Input material
===============

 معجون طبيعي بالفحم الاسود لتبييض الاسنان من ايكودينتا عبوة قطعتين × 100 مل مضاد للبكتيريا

===============

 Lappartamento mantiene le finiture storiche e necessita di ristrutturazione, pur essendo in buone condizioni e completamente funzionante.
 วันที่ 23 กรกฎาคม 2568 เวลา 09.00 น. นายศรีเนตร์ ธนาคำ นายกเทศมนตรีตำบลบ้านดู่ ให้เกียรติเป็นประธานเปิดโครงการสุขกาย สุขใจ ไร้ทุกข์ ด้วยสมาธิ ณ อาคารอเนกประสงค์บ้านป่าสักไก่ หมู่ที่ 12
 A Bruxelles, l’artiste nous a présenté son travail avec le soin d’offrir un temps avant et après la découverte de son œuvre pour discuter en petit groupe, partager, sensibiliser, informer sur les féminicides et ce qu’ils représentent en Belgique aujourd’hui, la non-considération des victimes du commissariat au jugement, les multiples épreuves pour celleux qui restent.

===============

Task to carry out
Taking the entries above, print exactly the lines starting at the line with "Lappartamento mantiene le" and ending at the line with "วันที่ 23 กรกฎาคม", both included.

Expected answer
 Lappartamento mantiene le finiture storiche e necessita di ristrutturazione, pur essendo in buone condizioni e completamente funzionante.
 วันที่ 23 กรกฎาคม 2568 เวลา 09.00 น. นายศรีเนตร์ ธนาคำ นายกเทศมนตรีตำบลบ้านดู่ ให้เกียรติเป็นประธานเปิดโครงการสุขกาย สุขใจ ไร้ทุกข์ ด้วยสมาธิ ณ อาคารอเนกประสงค์บ้านป่าสักไก่ หมู่ที่ 12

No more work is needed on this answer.